La LOQ et la LOD pour le diazépam-d5 et le nordiazépam-d5 ont été déterminées dans des échantillons d’eaux usées traitées. Les limites de quantification ont été fixées à 5,0 pM (1,4 ng L-1) pour le diazépam-d5 et le nordiazépam-d5 où les rapports signal/bruit étaient d’environ 10 et la précision obtenue était de 12,7 et 15,9 RSD % (n = 3) pour les composés respectifs (tableau 3), c’est-à-dire dans la précision stipulée de 20 % . Les valeurs de LOQ obtenues dans la présente étude se situent dans la fourchette de ce qui a été obtenu dans d’autres études pour le diazépam et le nordiazépam dans des échantillons d’eaux usées traitées. Cependant, dans cette étude, un volume de 200 ml d’eau usée traitée a été extrait, en comparaison avec 75 ml dans notre méthode présentée. Les limites de détection étaient de 1,7 pM (0,49 ng L-1) et 2,0 pM (0,55 ng L-1) pour le diazépam-d5 et le nordiazépam-d5, respectivement (tableau 3).

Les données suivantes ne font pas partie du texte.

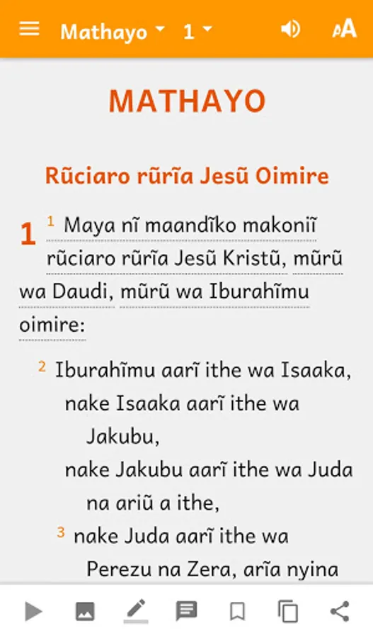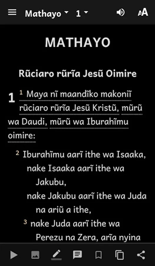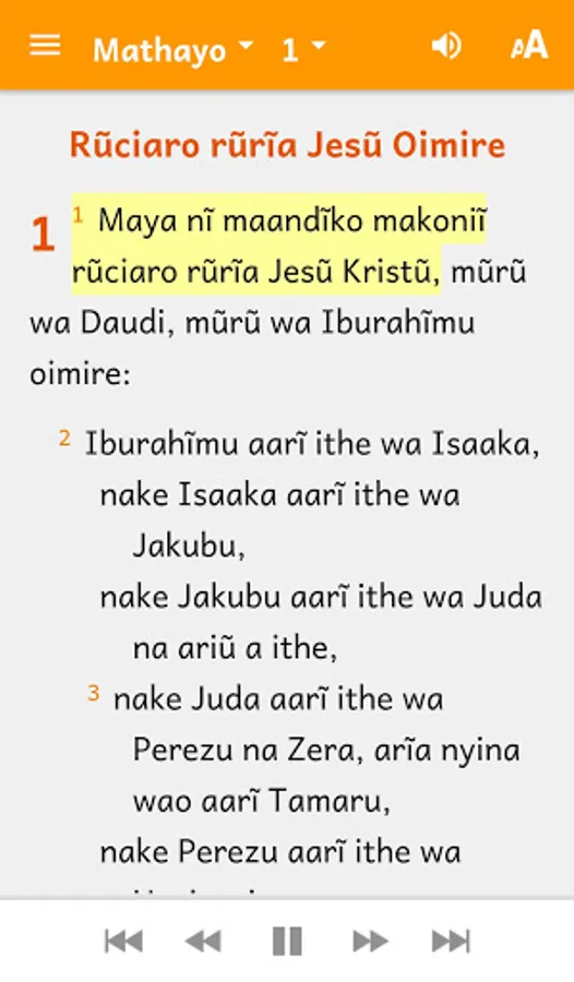 Read, listen and meditate on the Word of God in Kikuyu using our free Bible app. This Bible app supports almost all Android devices, so it is easy for you to download and use, at no cost to you. The Kikuyu Audio Bible has been integrated into our app so when you would like to listen to the audio, just press the "Speaker" icon from the app's menu bar. The audio has been synchronized with the text and highlights each verse like karaoke when you push play. You can also start listening anywhere within a chapter by tapping on the verse you want to hear.

Comme discuté ci-dessus ( » La stabilité du diazépam et du nordiazépam dans les échantillons aqueux acides et neutres « , figure 2), le diazépam et le nordiazépam se sont révélés stables pendant 12 jours à un pH d’échantillon de 7.0 lorsqu’ils sont stockés à température ambiante ou à 4 °C.

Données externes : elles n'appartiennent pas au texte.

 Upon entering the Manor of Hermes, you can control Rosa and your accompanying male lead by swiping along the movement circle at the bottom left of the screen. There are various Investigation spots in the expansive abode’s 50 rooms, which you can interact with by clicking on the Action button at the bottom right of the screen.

Quantification du diazépam et du nordiazépam dans les échantillons d’eau environnementale
La méthode LC-MS/MS développée a été appliquée aux échantillons d’eau environnementale pour la détermination du diazépam et du nordiazépam. Il faut souligner que la méthode développée peut être employée pour les déterminations du diazépam et du nordiazépam dans des échantillons environnementaux dans des conditions acides si des standards internes idéaux sont ajoutés aux échantillons avant le stockage, c’est-à-dire des composés marqués aux isotopes des composés cibles. Dans cette étude, les composés marqués aux isotopes, le diazépam-d5 et le nordiazépam-d5, ont été utilisés comme étalons internes pour compenser la transformation potentielle des composés et d’autres pertes ainsi que les variations au cours de l’analyse.

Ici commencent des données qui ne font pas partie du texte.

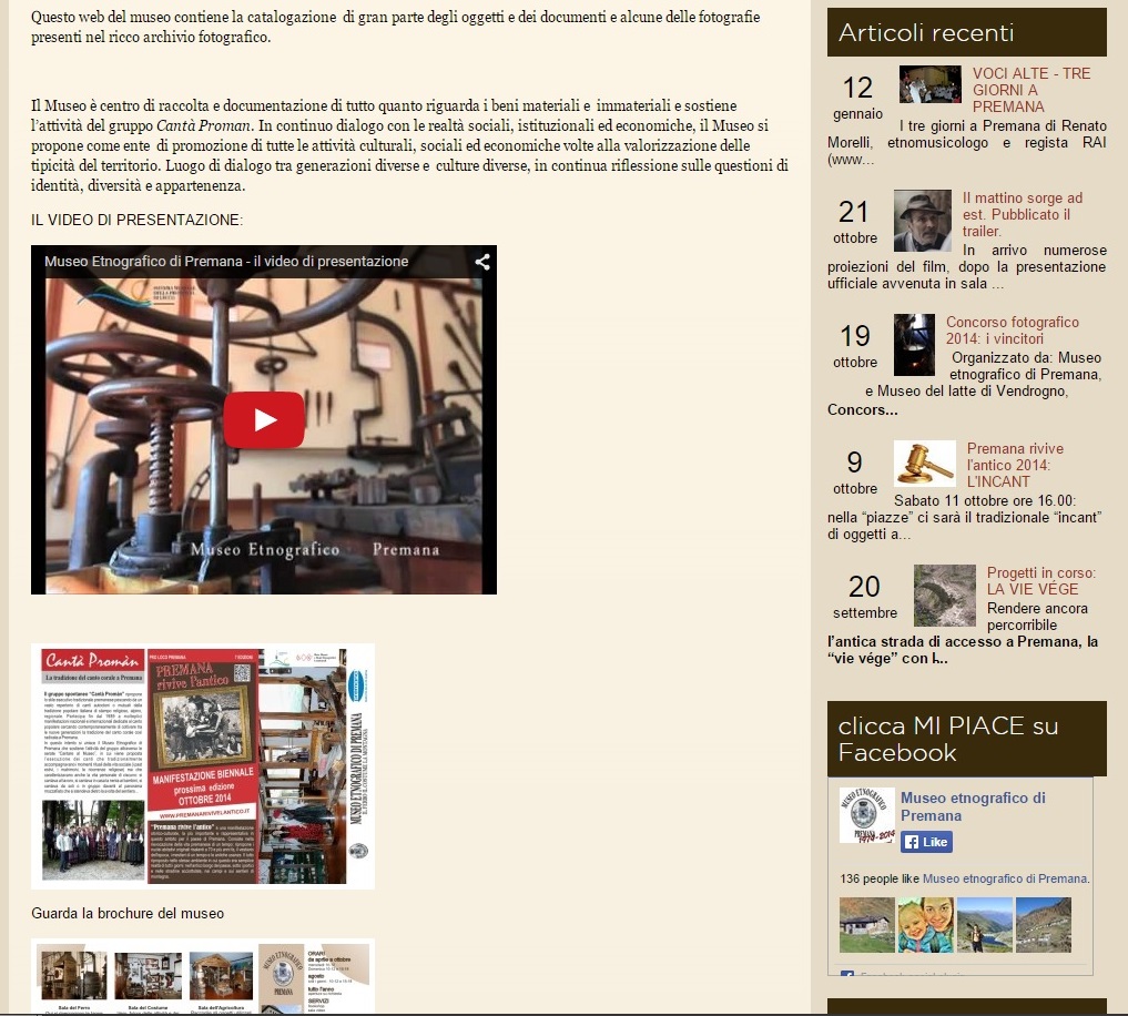 Sito di presentazione del Museo Etnografico di Premana

Des échantillons d’eaux usées et d’eaux de surface traitées ont été analysés pour le diazépam et le nordiazépam. Il n’y avait pas de différences significatives, au niveau de 5 % dans un test t, entre les rapports ioniques obtenus pour les solutions standard (tableau 1) et ceux obtenus pour le diazépam ou le nordiazépam d’origine » naturelle » (P ≥ 0,07). Les concentrations de diazépam et de nordiazépam ont été déterminées à 8,5 (2,4 ng L-1) et 66 pM (18 ng L-1), respectivement. Dans les échantillons prélevés 14 jours plus tard dans la même station de traitement des eaux usées, les concentrations ont été déterminées comme étant de 7,5 (2,1 ng L-1) et 75 pM (20 ng L-1) pour le diazépam et le nordiazépam, respectivement. Ainsi, les concentrations de nordiazépam ont été déterminées comme étant environ un ordre de grandeur plus élevé que celles du diazépam. Ces résultats sont en accord avec les résultats d’autres études sur les effluents d’eaux usées . De plus, dans certains échantillons d’eaux usées traitées, rapportés dans la littérature, le nordiazépam a été quantifié, mais le diazépam n’a pas été détecté. Dans la présente étude, ni le diazépam ni le nordiazépam n’ont été détectés dans les eaux de surface prélevées dans la rivière Fyris, à 3 km en amont de la station d’épuration des eaux usées de Kungsängsverket, ce qui indique peu d’émissions d’eaux usées anthropiques en amont.